Beautiful Ruins by Jess Walter


Jul 3, 2013

The sun.  The coast.  You are luxuriating in the beautiful descriptions of Porto Vergogna, Italy.  But then  an American actress enters  Pasquali Tursi’s family pensione —the Hotel Adequate View.   She enters and leaves mysteriously and we spend the book searching for the beautiful Dee Moray. But in this idyllic setting we become involved in a cast of characters who are not beautiful.  They are flawed, searching, trying to make it through their version of life.  That search takes us from World War II to the present, from Italy to America and back again in a journey that is pure fun.  In Beautiful Ruins, author Jess Walter has woven a story from many stories: an aging producer, his young film student, an angst- ridden author, a half-baked rocker —even Richard Burton gets in on the act.
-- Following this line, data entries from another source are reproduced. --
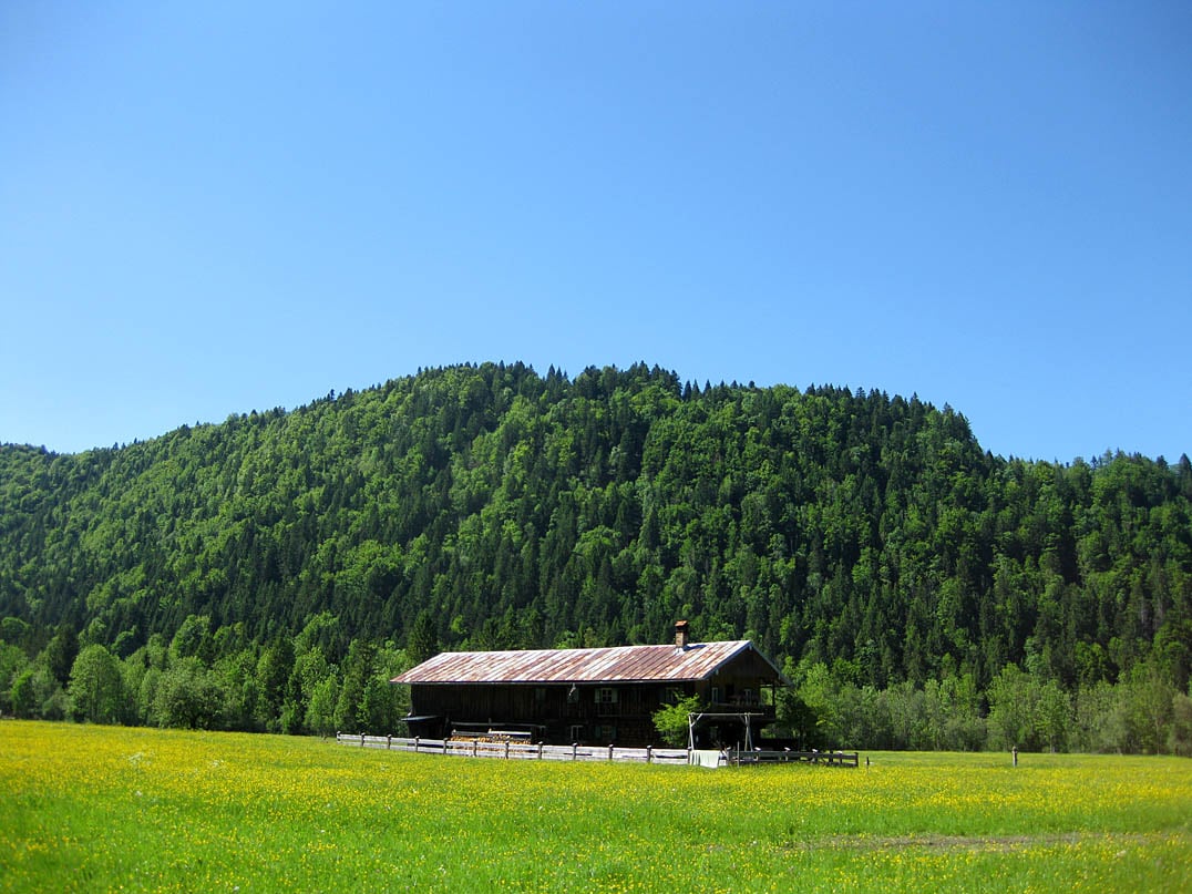 Einen schier endlos lang wirkenden Kilometer gilt es also zu überwinden. Wer hier schiebt, braucht sich aber gewiss nicht schämen. Und zum Glück ist die Passage so abrupt zu Ende wie sie begonnen hat als wir oben schließlich aus dem Wald herauskommen und damit in das Röhrmoostal einfahren. An der Rehgrabenalm (865m) halten wir uns dann gemäß Beschilderung links in Richtung Sylvensteinspeicher.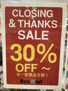 本日はSTORE CLOSING&THANKS SALEの知らせです。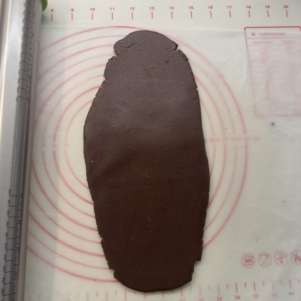 Kneed de restjes opnieuw en rol ze uit tot een soort rechthoek.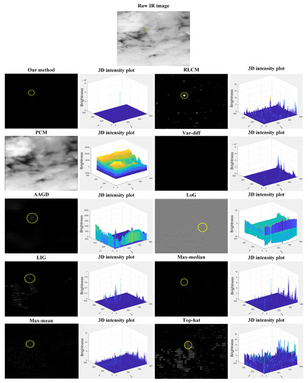 Figure 10 and Figure 11 visually illustrate the detection results corresponding to each method. The final detected target is circled in yellow. An image without any yellow circle means the method fails to detect any target. Here zoomed in images have been presented to see the target clearly.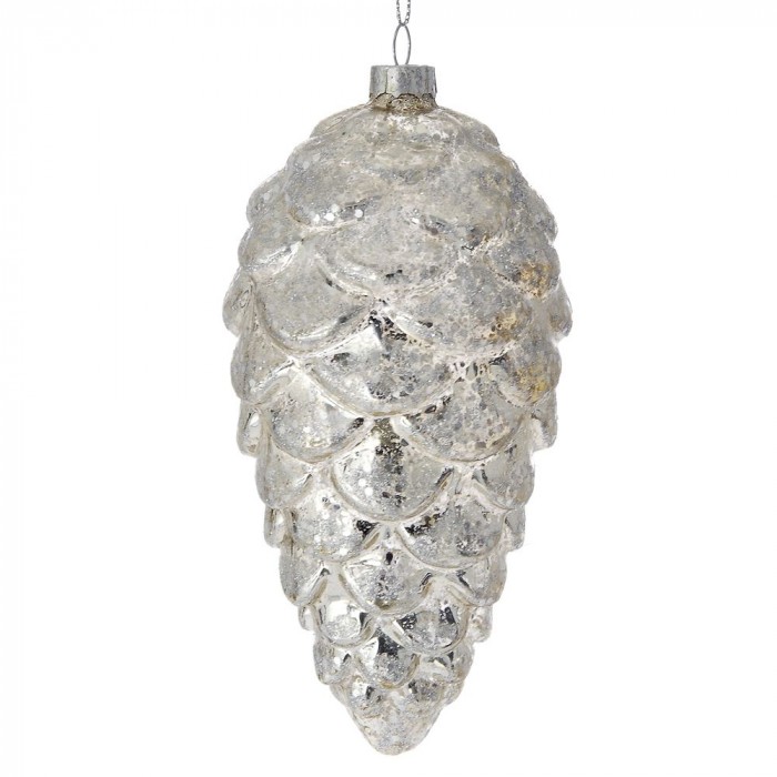 Стъклена шишарка, сребро, к-т 4 бр., 7х15 см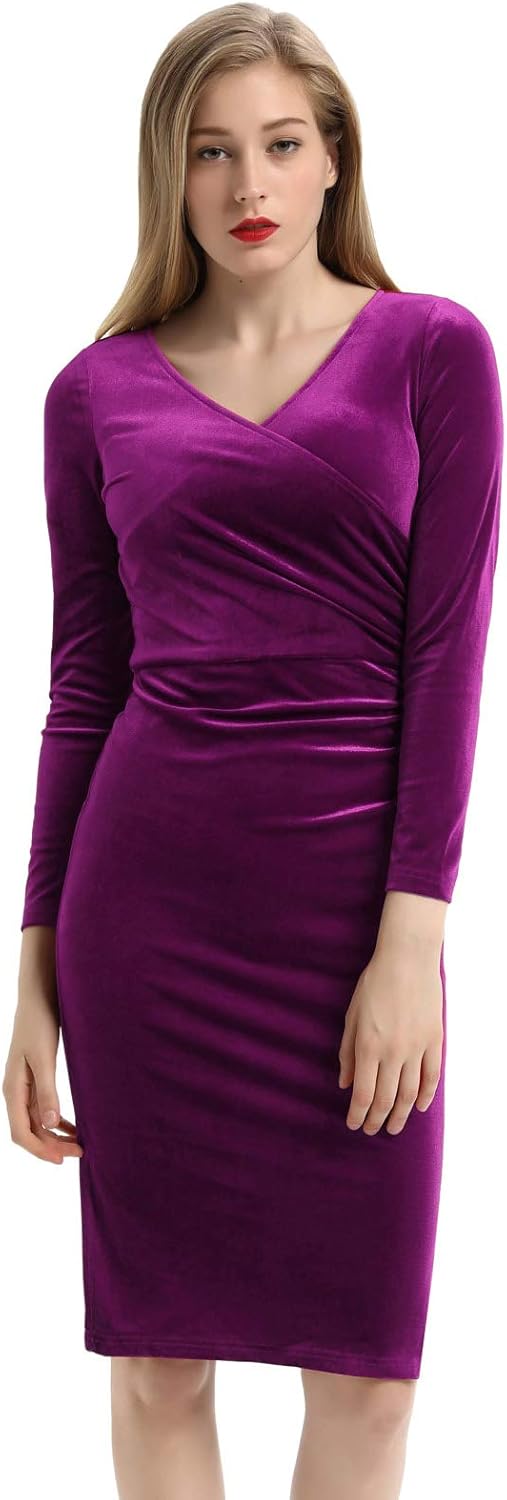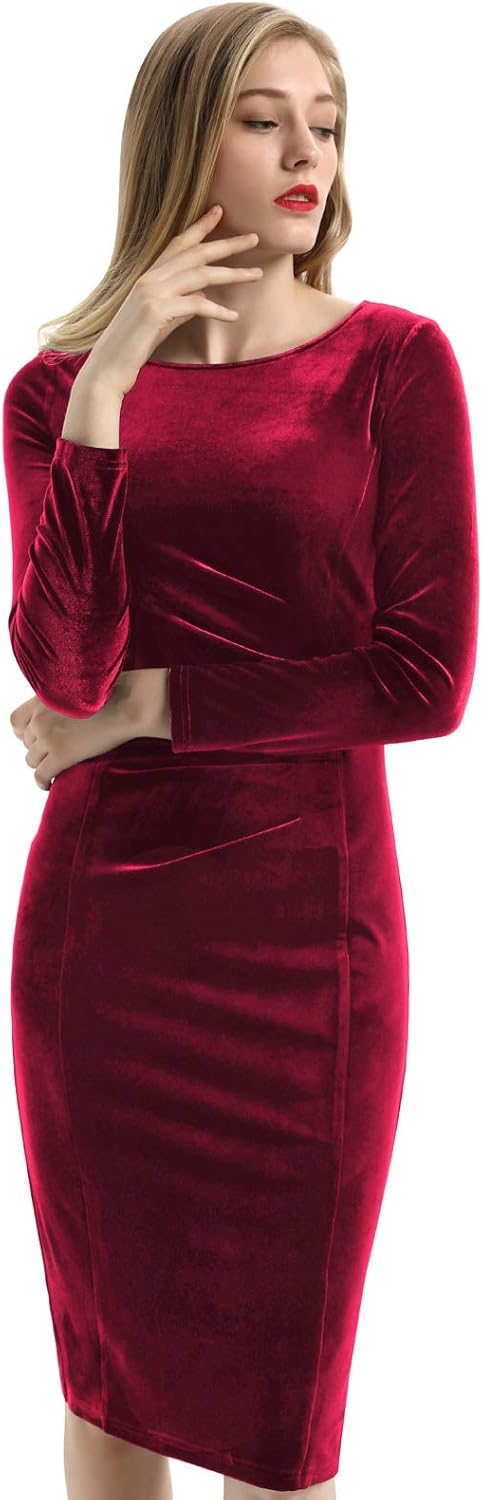 Damen Belle Poque Damen Langarm Samt Bleistiftkleid Knielang Elegant Etuikleid Bodycon Kleid Bp744 Bekleidung Fade Ie

But they are not trite.  They are rich with detail that ranges from heartbreaking to laugh-out-loud funny.   All are the back story in     Pasquali’s quest to find the truth about this young actress.  And that is the point.  All these flawed, so-called beautiful people, with their lies and self-serving deceits, are searching for what is real.   And the author does this with such skill, flipping back and forth in time—which is often a complaint when novelists do this—but here it just re-enforces the mystery and is done expertly.  Grab your sunglasses, find a beach and enjoy this perfect beach read that in the end is more than a romp; it is a quest for truth.